The default model is turbo, which offers fast transcription with good accuracy for English and multilingual content.
Language Options
Automatic Language Detection
By default, Whisper detects the language automatically:
Specify Language
For better performance, specify the language explicitly:
whisper japanese.wav --language Japanese
You can use either the language name (e.g., Japanese, Spanish) or language code (e.g., ja, es).
Translation to English
Translate non-English speech directly to English:
whisper japanese.wav --model medium --language Japanese --task translate
The turbo model does not support translation. Use multilingual models (tiny, base, small, medium, large) for translation tasks.
Output Options
Output Directory
Specify where to save the transcription files:
whisper audio.mp3 --output_dir ./transcripts
Choose specific output formats:
whisper audio.mp3 --output_format srt
Available formats:
txt - Plain text
vtt - WebVTT subtitles
srt - SubRip subtitles
tsv - Tab-separated values with timestamps
json - JSON with detailed segment information
all - Generate all formats (default)
Advanced Options
Word-Level Timestamps
Extract word-level timestamps for precise timing:
whisper audio.mp3 --word_timestamps True
This enables additional subtitle formatting options:
whisper audio.mp3 --word_timestamps True --max_line_width 50 --highlight_words True
Device Selection
Choose between CPU and GPU processing:
whisper audio.mp3 --device cuda # Use GPU
whisper audio.mp3 --device cpu # Use CPU
Initial Prompt
Provide context or custom vocabulary to improve accuracy:
whisper audio.mp3 --initial_prompt "This is a technical discussion about machine learning and neural networks."
Temperature and Sampling
Use temperature 0 for deterministic output: whisper audio.mp3 --temperature 0 --beam_size 5
Use non-zero temperature for sampling: whisper audio.mp3 --temperature 0.8 --best_of 5
Compression and Quality Thresholds
whisper audio.mp3 \
--compression_ratio_threshold 2.4 \
--logprob_threshold -1.0 \
--no_speech_threshold 0.6
--compression_ratio_threshold: Detect and retry overly repetitive outputs (default: 2.4)

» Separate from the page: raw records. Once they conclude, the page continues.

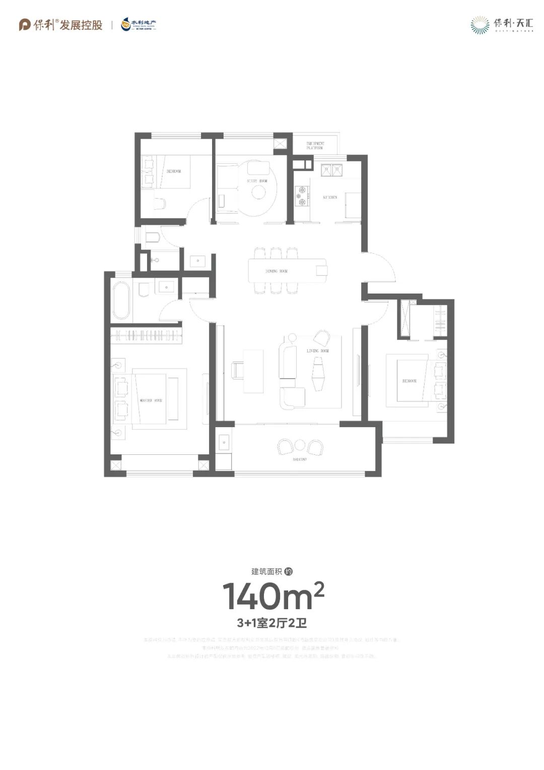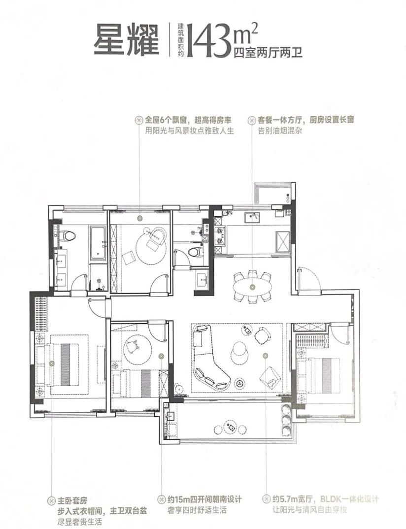 户型最大约143㎡4房2卫,标准的大4房+横厅户型。
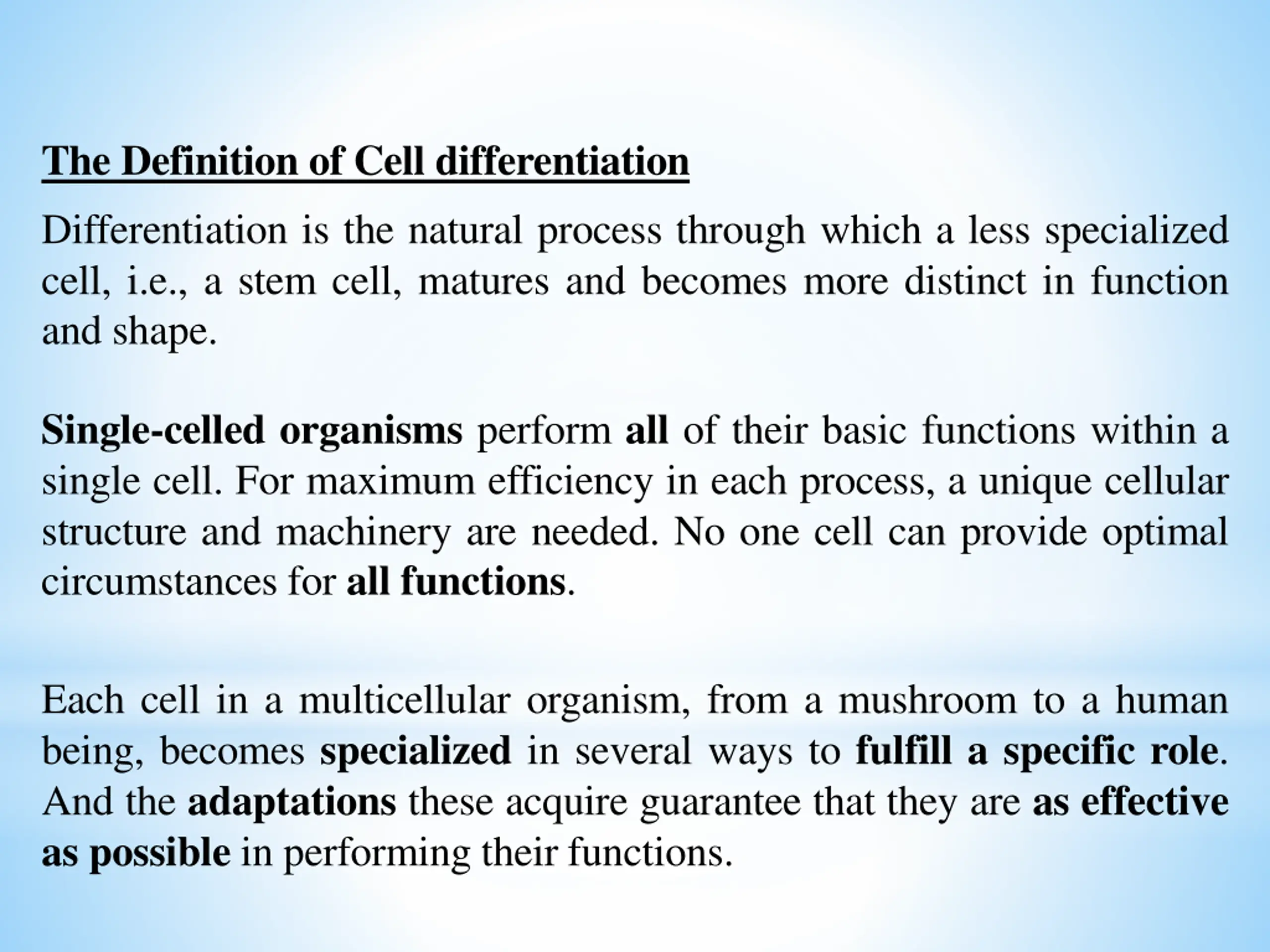 The Definition of Cell differentiation Differentiation is the natural process through which a less specialized cell, i.e., a stem cell, matures and becomes more distinct in function and shape. Single-celled organisms perform all of their basic functions within a single cell. For maximum efficiency in each process, a unique cellular structure and machinery are needed. No one cell can provide optimal circumstances for all functions. Each cell in a multicellular organism, from a mushroom to a human being, becomes specialized in several ways to fulfill a specific role. And the adaptations these acquire guarantee that they are as effective as possible in performing their functions.
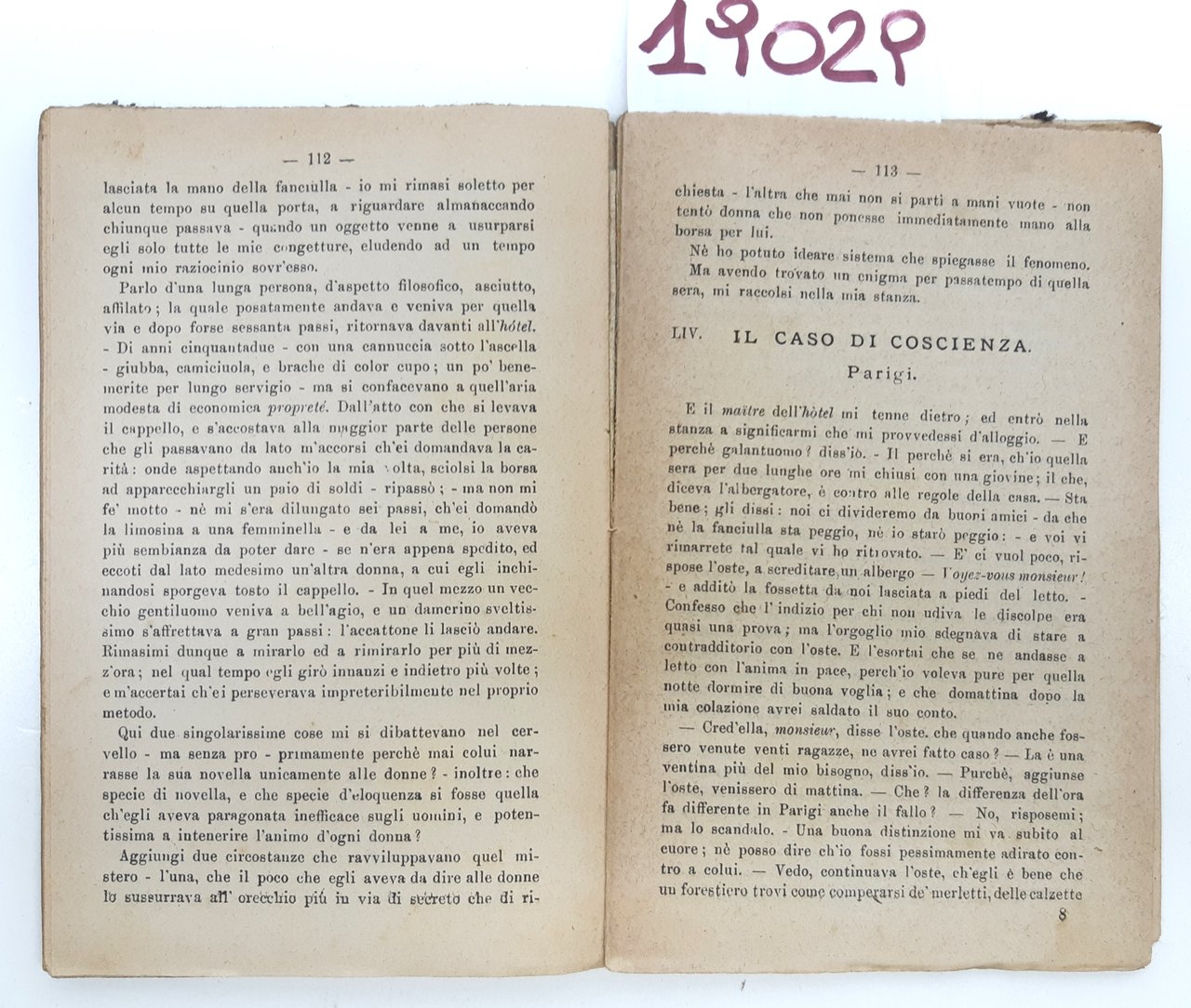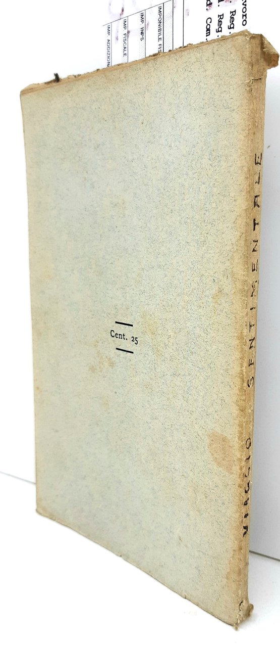 legatura morbida editoriale in condizioni accettabili con aloni e bruniture ai piatti e al dorso, un alone di umidità al margine interno del piatto anteriore, etichetta di possesso, dorso con pieghe abrasione ai margini e titolo scritto a penna nera, tagli bruniti e irregolari ed impolverati quelli superiori, interno in condizioni accettabili, ex libris alla seconda di copertina, legatura molto allentata, bruniture al margine esterno delle pagine e alcune fioriture che non impediscono la lettura, numero pagine 148 + indice dimensioni cm 16,4 * 10,7
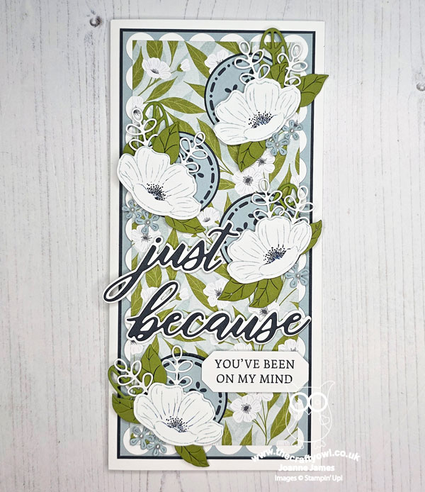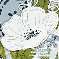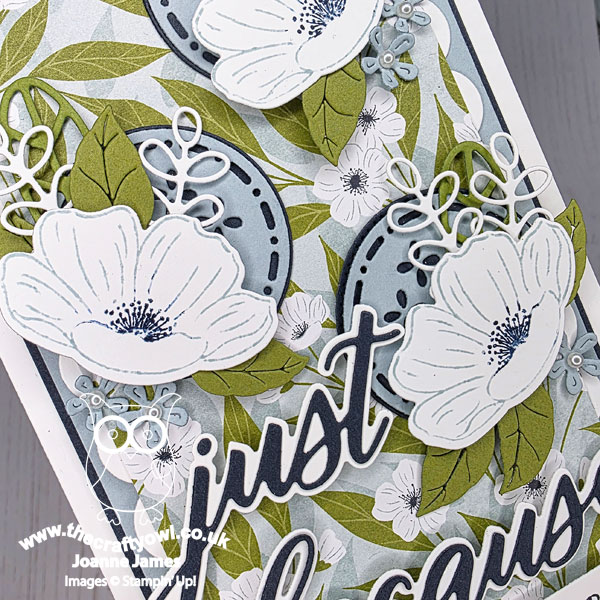 Lovely Arrangements - I wanted the florals to be the centrepiece of each focal point, so echoing the colours in the panel of Lovely blossoms DSP I used for the background, I inked them in Cloud Cover then added some Secret Sea to the stamens with a sponge dauber before stamping. I backed each flower with a couple of diecut layered circles, having first run the top one through the dicutting machine with the background die to allow some of the colour behind to show through. I then added in some diecut leaves from the set, along with some additional ones cut using the Friendly Foliage Dies to add interest to the clusters:
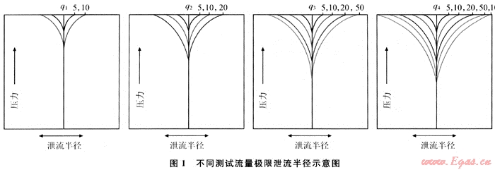 由式(2)可以看出,對(duì)每一個(gè)測(cè)試流量來說,隨著時(shí)間的進(jìn)行,壓降變化越來越小,當(dāng)達(dá)到一定測(cè)試時(shí)間后,由于壓降變化非常小,超出探測(cè)裝置的可探測(cè)范圍,此時(shí)可以近似看作達(dá)到相對(duì)穩(wěn)定狀態(tài),泄流半徑不再擴(kuò)大,且各測(cè)試流量達(dá)到相對(duì)穩(wěn)定狀態(tài)的時(shí)間與測(cè)試流量的大小及儲(chǔ)層的物性密切相關(guān),圖1表示了測(cè)試流量依次增大,其極限泄流半徑也相應(yīng)增大。
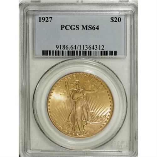 <B>1927 $20 MS64 PCGS.</B></I> PCGS Population (31941/21591). NGC Census: (42456/17652). Mintage: 2,946,750. Numismedia Wsl. Price for NGC/PCGS coin in MS64: $840. (#9186)<BR><BR><B>Coin Engraver:</B> Augustus Saint-Gaudens<BR><BR><b>Shipping:</b> Coins & Currency (<a target="_blank" href="http://www.heritageauctions.com/common/shipping.php">view shipping information</a>)
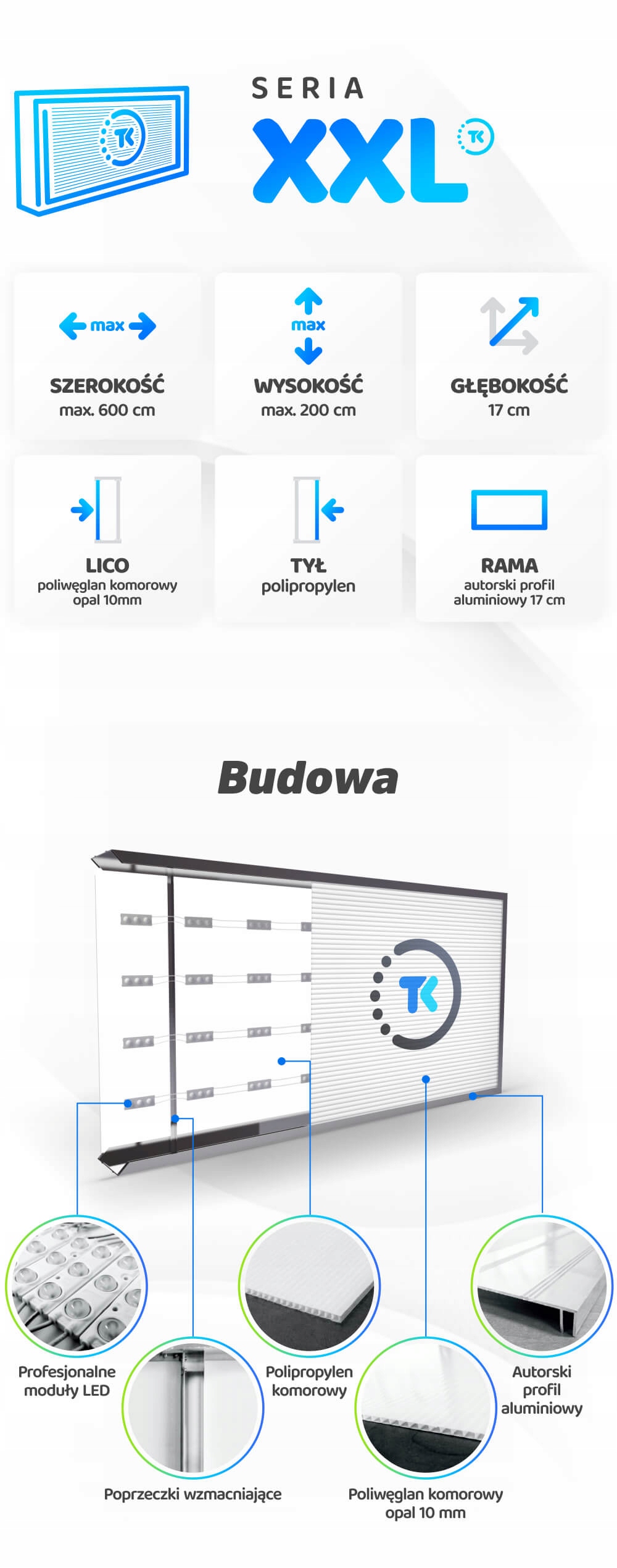 Односторонние световые короба XXL представляют собой группу световых коробов БОЛЬШОГО РАЗМЕРА. Каркас кассеты представляет собой прочный и прочный алюминиевый профиль. Лицевая/лицевая часть кассеты изготовлена из многокамерного поликарбоната Opal – материала, используемого в строительстве: для кровли спортивных сооружений, зимних садов, устройства навесов, козырьков, мансардных окон, а также в качестве заполнения при установке окон, двери и т.д. Благодаря высокой прочности, жесткости, пропорционально небольшому весу и большому формату табло 600 х 210 см применяется в рекламе – преимущественно при строительстве световых коробов с подсветкой. Техническое разрешение Строительного НИИ № АТ-15-3169/2008.

--logprob_threshold: Retry if average log probability is too low (default: -1.0)
--no_speech_threshold: Detect silent segments (default: 0.6)
Common Examples
Transcribe with High Accuracy
whisper interview.mp3 --model large --language English
Generate SRT Subtitles
whisper video.mp4 --model medium --output_format srt --word_timestamps True
Process Specific Audio Clips
whisper podcast.mp3 --clip_timestamps "0,300,600,900" --output_dir ./segments
This processes clips from 0-300s and 600-900s.
Batch Processing with Consistent Settings
whisper * .wav --model turbo --language English --output_dir ./output --output_format json
Full Options Reference
View all available options:
For large files or batch processing, consider using a GPU with --device cuda to significantly speed up transcription.